Exercise instructions :: Once the images are set aside, output the listing exactly as it stands.

Supplied records ::
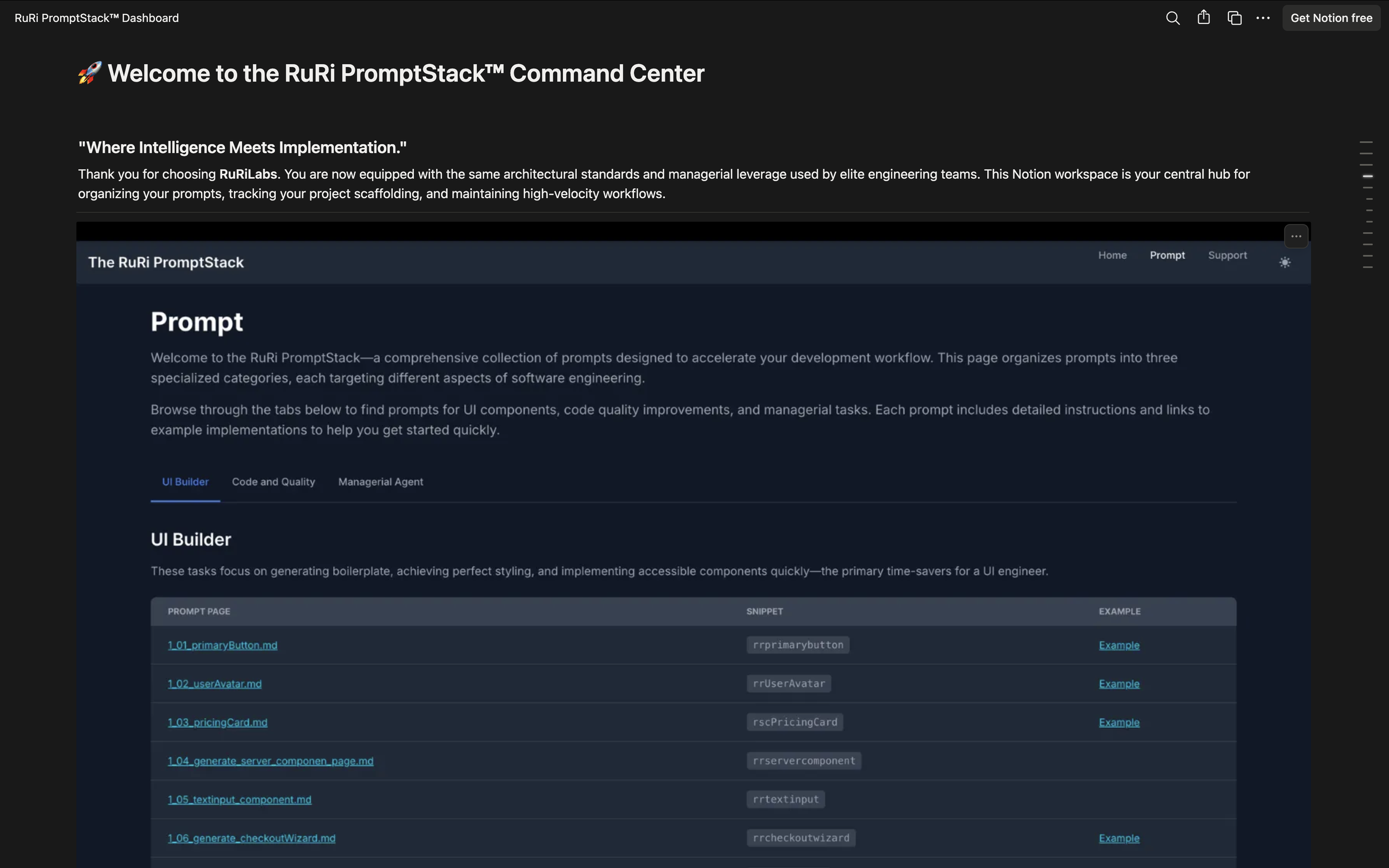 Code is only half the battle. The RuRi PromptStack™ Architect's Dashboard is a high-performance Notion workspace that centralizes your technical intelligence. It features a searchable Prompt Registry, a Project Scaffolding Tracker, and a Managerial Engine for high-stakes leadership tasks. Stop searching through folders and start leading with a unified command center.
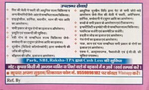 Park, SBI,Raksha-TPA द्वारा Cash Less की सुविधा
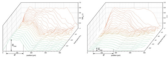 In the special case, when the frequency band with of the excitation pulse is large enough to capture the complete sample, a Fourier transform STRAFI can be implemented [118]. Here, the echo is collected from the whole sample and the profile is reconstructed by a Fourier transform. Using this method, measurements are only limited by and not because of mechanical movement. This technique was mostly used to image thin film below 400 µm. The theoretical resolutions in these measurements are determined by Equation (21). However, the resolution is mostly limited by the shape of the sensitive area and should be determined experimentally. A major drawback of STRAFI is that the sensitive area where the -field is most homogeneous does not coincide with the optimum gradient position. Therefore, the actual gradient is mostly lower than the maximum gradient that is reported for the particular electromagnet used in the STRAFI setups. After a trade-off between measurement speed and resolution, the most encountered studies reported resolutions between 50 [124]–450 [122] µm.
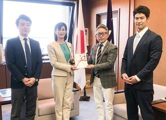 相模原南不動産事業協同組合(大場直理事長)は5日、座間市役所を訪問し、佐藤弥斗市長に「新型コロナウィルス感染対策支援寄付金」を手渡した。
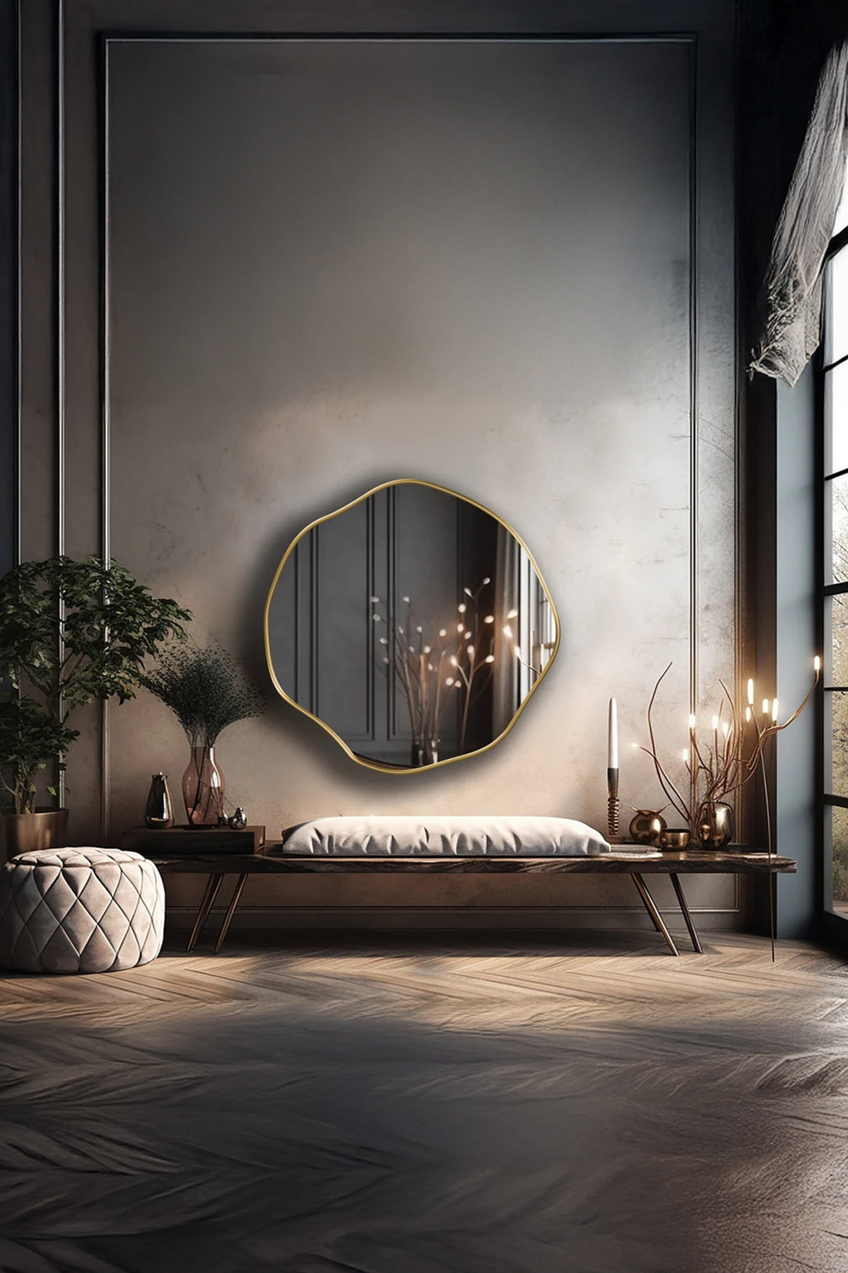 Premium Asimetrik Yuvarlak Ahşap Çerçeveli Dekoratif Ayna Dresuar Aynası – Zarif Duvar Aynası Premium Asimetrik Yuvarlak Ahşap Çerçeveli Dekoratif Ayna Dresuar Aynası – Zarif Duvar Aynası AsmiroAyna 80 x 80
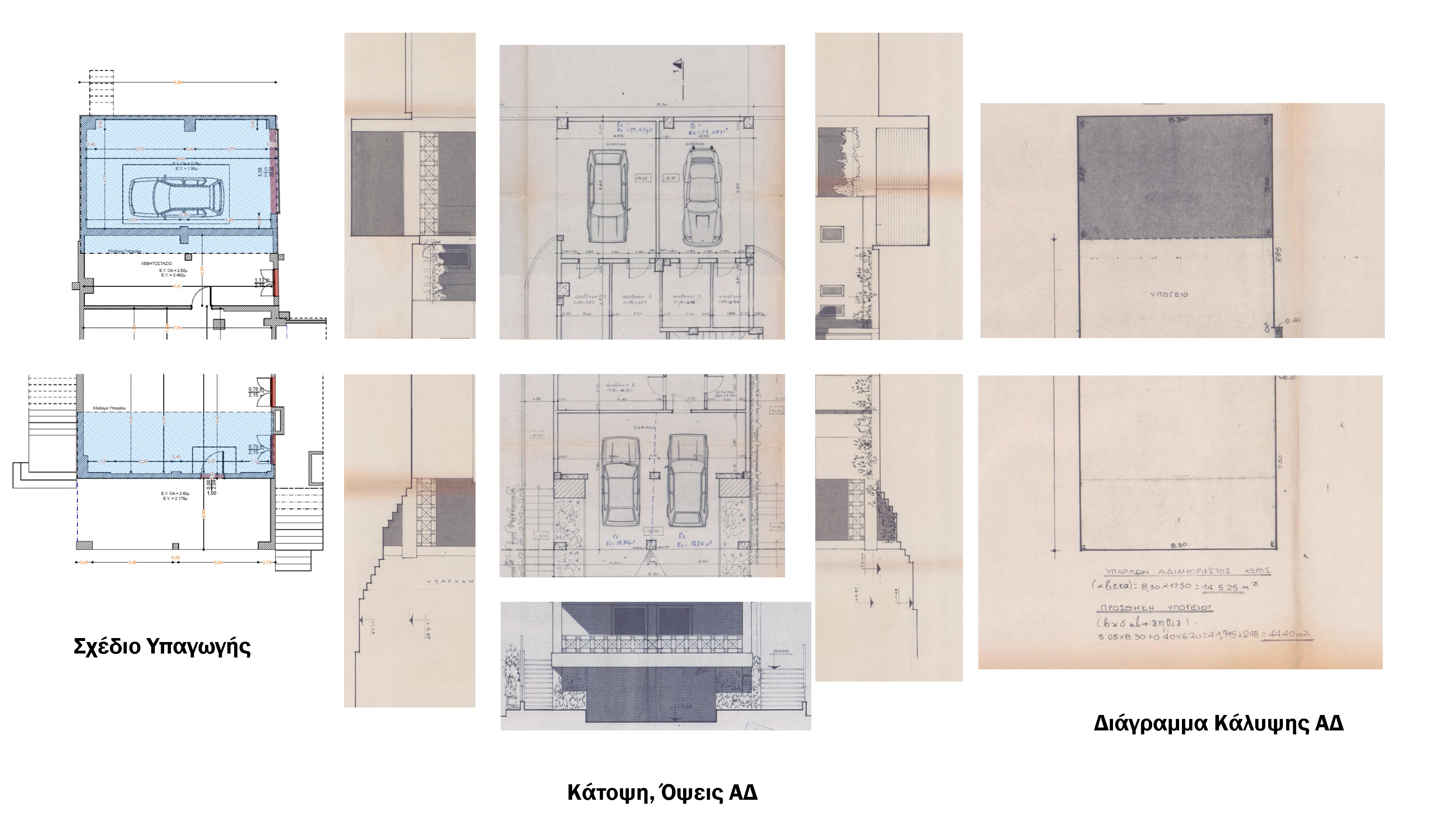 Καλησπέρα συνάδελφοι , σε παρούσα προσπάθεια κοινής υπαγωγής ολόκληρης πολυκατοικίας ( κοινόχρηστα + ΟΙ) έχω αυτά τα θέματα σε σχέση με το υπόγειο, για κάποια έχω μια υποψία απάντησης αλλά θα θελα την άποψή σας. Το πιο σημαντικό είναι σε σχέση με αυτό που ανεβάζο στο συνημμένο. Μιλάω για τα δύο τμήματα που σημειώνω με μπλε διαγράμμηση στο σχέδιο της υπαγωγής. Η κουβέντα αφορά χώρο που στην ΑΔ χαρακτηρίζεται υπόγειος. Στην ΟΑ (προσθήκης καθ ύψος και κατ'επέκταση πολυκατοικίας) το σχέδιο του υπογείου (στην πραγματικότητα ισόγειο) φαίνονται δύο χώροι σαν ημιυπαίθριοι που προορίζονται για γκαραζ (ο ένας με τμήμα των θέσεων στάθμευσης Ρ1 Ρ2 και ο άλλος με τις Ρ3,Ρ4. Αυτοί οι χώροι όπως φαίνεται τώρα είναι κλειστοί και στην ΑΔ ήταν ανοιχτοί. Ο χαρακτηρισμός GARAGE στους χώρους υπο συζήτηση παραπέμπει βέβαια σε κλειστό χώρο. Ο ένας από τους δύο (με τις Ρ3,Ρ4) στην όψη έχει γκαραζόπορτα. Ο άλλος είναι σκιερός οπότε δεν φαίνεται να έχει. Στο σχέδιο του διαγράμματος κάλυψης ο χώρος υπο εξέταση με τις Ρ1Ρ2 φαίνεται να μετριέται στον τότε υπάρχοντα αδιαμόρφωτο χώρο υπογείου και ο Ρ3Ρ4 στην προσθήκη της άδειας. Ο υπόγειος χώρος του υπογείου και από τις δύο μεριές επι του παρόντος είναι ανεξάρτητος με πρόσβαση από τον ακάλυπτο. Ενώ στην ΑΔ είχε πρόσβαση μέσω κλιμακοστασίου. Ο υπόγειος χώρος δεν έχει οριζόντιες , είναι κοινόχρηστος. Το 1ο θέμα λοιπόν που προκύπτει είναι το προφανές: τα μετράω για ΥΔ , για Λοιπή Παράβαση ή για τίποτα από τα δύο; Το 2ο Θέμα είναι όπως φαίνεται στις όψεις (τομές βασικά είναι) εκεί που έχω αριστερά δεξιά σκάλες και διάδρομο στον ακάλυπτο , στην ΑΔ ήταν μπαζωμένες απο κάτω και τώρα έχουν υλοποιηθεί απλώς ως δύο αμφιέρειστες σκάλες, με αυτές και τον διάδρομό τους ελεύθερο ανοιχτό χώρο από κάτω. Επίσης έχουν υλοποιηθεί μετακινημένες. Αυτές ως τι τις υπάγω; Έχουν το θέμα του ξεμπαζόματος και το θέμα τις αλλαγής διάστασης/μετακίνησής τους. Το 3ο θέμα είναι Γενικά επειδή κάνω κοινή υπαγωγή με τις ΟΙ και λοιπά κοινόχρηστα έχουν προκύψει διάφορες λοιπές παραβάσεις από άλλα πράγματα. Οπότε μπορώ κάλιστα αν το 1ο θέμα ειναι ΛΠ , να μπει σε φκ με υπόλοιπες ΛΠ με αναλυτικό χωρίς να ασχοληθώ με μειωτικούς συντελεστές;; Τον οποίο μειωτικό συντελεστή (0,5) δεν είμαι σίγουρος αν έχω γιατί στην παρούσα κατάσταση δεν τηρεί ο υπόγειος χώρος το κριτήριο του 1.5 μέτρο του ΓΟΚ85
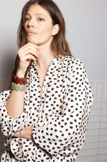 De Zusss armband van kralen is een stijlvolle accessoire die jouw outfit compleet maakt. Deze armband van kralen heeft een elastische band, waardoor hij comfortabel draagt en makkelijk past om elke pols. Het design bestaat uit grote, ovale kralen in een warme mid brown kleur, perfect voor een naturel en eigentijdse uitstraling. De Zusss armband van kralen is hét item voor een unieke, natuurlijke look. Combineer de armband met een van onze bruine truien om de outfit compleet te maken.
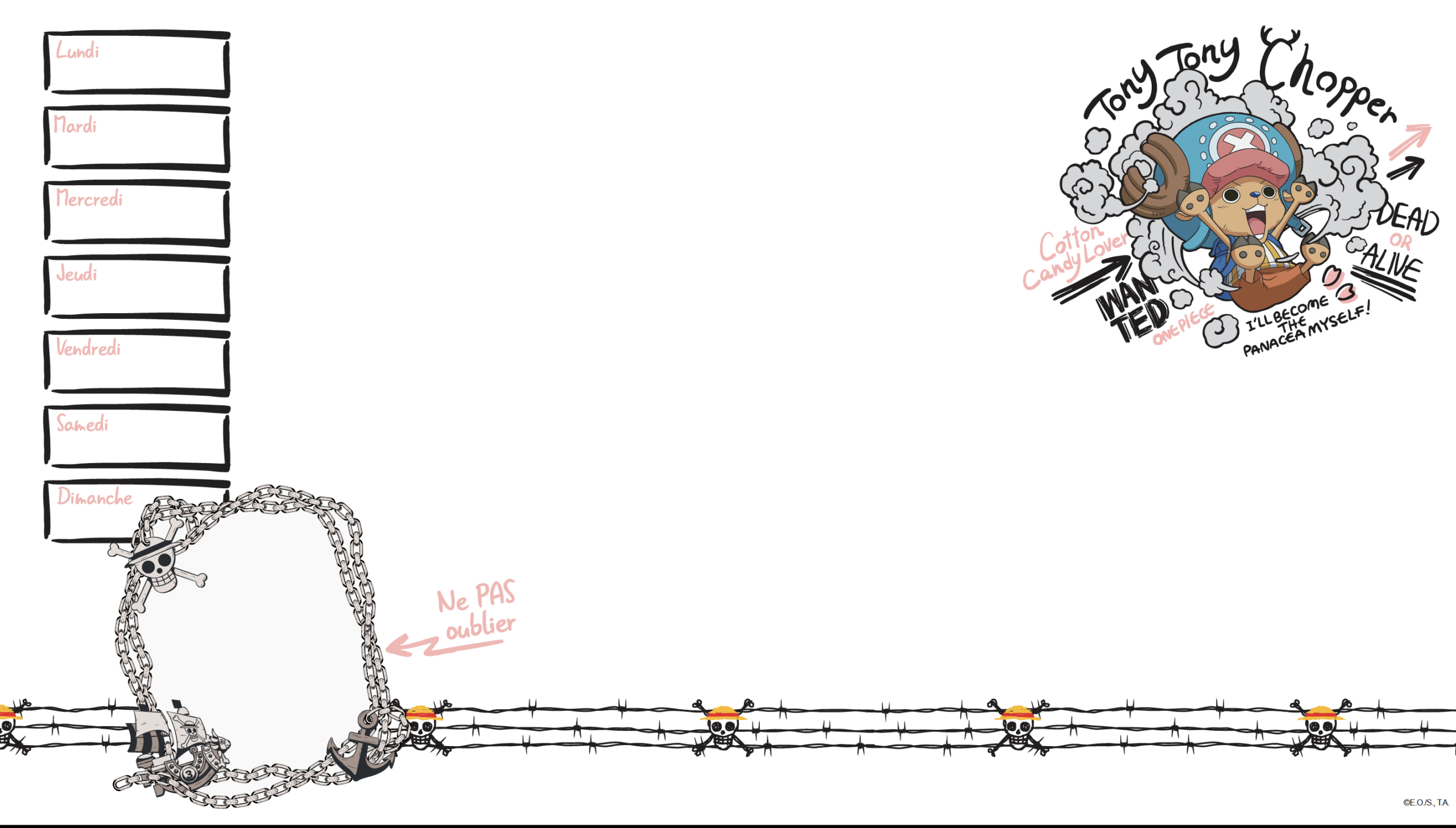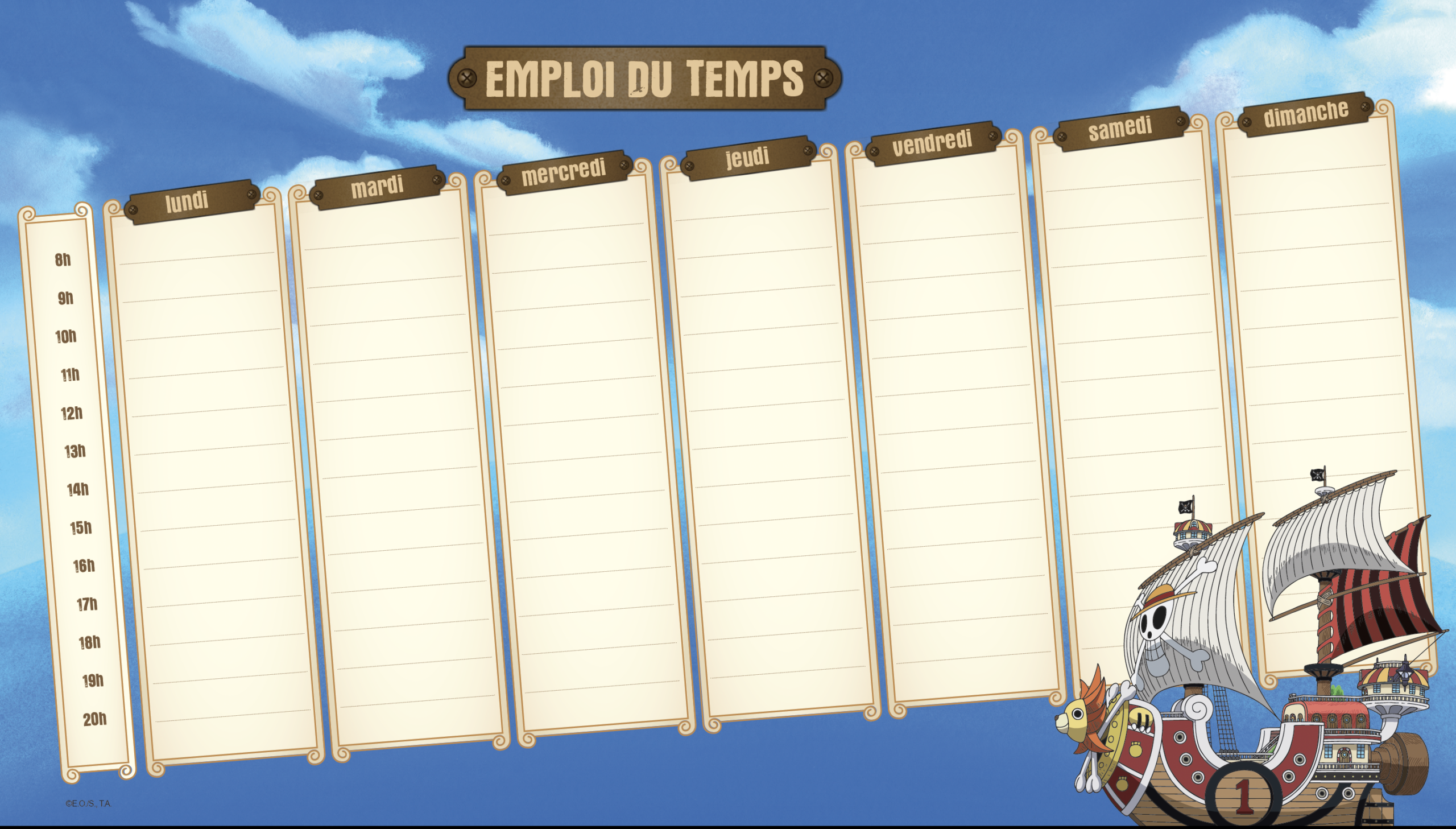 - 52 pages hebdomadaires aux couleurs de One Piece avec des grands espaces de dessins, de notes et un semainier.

Solved problem ::
 Code is only half the battle. The RuRi PromptStack™ Architect's Dashboard is a high-performance Notion workspace that centralizes your technical intelligence. It features a searchable Prompt Registry, a Project Scaffolding Tracker, and a Managerial Engine for high-stakes leadership tasks. Stop searching through folders and start leading with a unified command center.
 Park, SBI,Raksha-TPA द्वारा Cash Less की सुविधा
 In the special case, when the frequency band with of the excitation pulse is large enough to capture the complete sample, a Fourier transform STRAFI can be implemented [118]. Here, the echo is collected from the whole sample and the profile is reconstructed by a Fourier transform. Using this method, measurements are only limited by and not because of mechanical movement. This technique was mostly used to image thin film below 400 µm. The theoretical resolutions in these measurements are determined by Equation (21). However, the resolution is mostly limited by the shape of the sensitive area and should be determined experimentally. A major drawback of STRAFI is that the sensitive area where the -field is most homogeneous does not coincide with the optimum gradient position. Therefore, the actual gradient is mostly lower than the maximum gradient that is reported for the particular electromagnet used in the STRAFI setups. After a trade-off between measurement speed and resolution, the most encountered studies reported resolutions between 50 [124]–450 [122] µm.
 相模原南不動産事業協同組合(大場直理事長)は5日、座間市役所を訪問し、佐藤弥斗市長に「新型コロナウィルス感染対策支援寄付金」を手渡した。
 Premium Asimetrik Yuvarlak Ahşap Çerçeveli Dekoratif Ayna Dresuar Aynası – Zarif Duvar Aynası Premium Asimetrik Yuvarlak Ahşap Çerçeveli Dekoratif Ayna Dresuar Aynası – Zarif Duvar Aynası AsmiroAyna 80 x 80
 Καλησπέρα συνάδελφοι , σε παρούσα προσπάθεια κοινής υπαγωγής ολόκληρης πολυκατοικίας ( κοινόχρηστα + ΟΙ) έχω αυτά τα θέματα σε σχέση με το υπόγειο, για κάποια έχω μια υποψία απάντησης αλλά θα θελα την άποψή σας. Το πιο σημαντικό είναι σε σχέση με αυτό που ανεβάζο στο συνημμένο. Μιλάω για τα δύο τμήματα που σημειώνω με μπλε διαγράμμηση στο σχέδιο της υπαγωγής. Η κουβέντα αφορά χώρο που στην ΑΔ χαρακτηρίζεται υπόγειος. Στην ΟΑ (προσθήκης καθ ύψος και κατ'επέκταση πολυκατοικίας) το σχέδιο του υπογείου (στην πραγματικότητα ισόγειο) φαίνονται δύο χώροι σαν ημιυπαίθριοι που προορίζονται για γκαραζ (ο ένας με τμήμα των θέσεων στάθμευσης Ρ1 Ρ2 και ο άλλος με τις Ρ3,Ρ4. Αυτοί οι χώροι όπως φαίνεται τώρα είναι κλειστοί και στην ΑΔ ήταν ανοιχτοί. Ο χαρακτηρισμός GARAGE στους χώρους υπο συζήτηση παραπέμπει βέβαια σε κλειστό χώρο. Ο ένας από τους δύο (με τις Ρ3,Ρ4) στην όψη έχει γκαραζόπορτα. Ο άλλος είναι σκιερός οπότε δεν φαίνεται να έχει. Στο σχέδιο του διαγράμματος κάλυψης ο χώρος υπο εξέταση με τις Ρ1Ρ2 φαίνεται να μετριέται στον τότε υπάρχοντα αδιαμόρφωτο χώρο υπογείου και ο Ρ3Ρ4 στην προσθήκη της άδειας. Ο υπόγειος χώρος του υπογείου και από τις δύο μεριές επι του παρόντος είναι ανεξάρτητος με πρόσβαση από τον ακάλυπτο. Ενώ στην ΑΔ είχε πρόσβαση μέσω κλιμακοστασίου. Ο υπόγειος χώρος δεν έχει οριζόντιες , είναι κοινόχρηστος. Το 1ο θέμα λοιπόν που προκύπτει είναι το προφανές: τα μετράω για ΥΔ , για Λοιπή Παράβαση ή για τίποτα από τα δύο; Το 2ο Θέμα είναι όπως φαίνεται στις όψεις (τομές βασικά είναι) εκεί που έχω αριστερά δεξιά σκάλες και διάδρομο στον ακάλυπτο , στην ΑΔ ήταν μπαζωμένες απο κάτω και τώρα έχουν υλοποιηθεί απλώς ως δύο αμφιέρειστες σκάλες, με αυτές και τον διάδρομό τους ελεύθερο ανοιχτό χώρο από κάτω. Επίσης έχουν υλοποιηθεί μετακινημένες. Αυτές ως τι τις υπάγω; Έχουν το θέμα του ξεμπαζόματος και το θέμα τις αλλαγής διάστασης/μετακίνησής τους. Το 3ο θέμα είναι Γενικά επειδή κάνω κοινή υπαγωγή με τις ΟΙ και λοιπά κοινόχρηστα έχουν προκύψει διάφορες λοιπές παραβάσεις από άλλα πράγματα. Οπότε μπορώ κάλιστα αν το 1ο θέμα ειναι ΛΠ , να μπει σε φκ με υπόλοιπες ΛΠ με αναλυτικό χωρίς να ασχοληθώ με μειωτικούς συντελεστές;; Τον οποίο μειωτικό συντελεστή (0,5) δεν είμαι σίγουρος αν έχω γιατί στην παρούσα κατάσταση δεν τηρεί ο υπόγειος χώρος το κριτήριο του 1.5 μέτρο του ΓΟΚ85
 De Zusss armband van kralen is een stijlvolle accessoire die jouw outfit compleet maakt. Deze armband van kralen heeft een elastische band, waardoor hij comfortabel draagt en makkelijk past om elke pols. Het design bestaat uit grote, ovale kralen in een warme mid brown kleur, perfect voor een naturel en eigentijdse uitstraling. De Zusss armband van kralen is hét item voor een unieke, natuurlijke look. Combineer de armband met een van onze bruine truien om de outfit compleet te maken.
 - 52 pages hebdomadaires aux couleurs de One Piece avec des grands espaces de dessins, de notes et un semainier.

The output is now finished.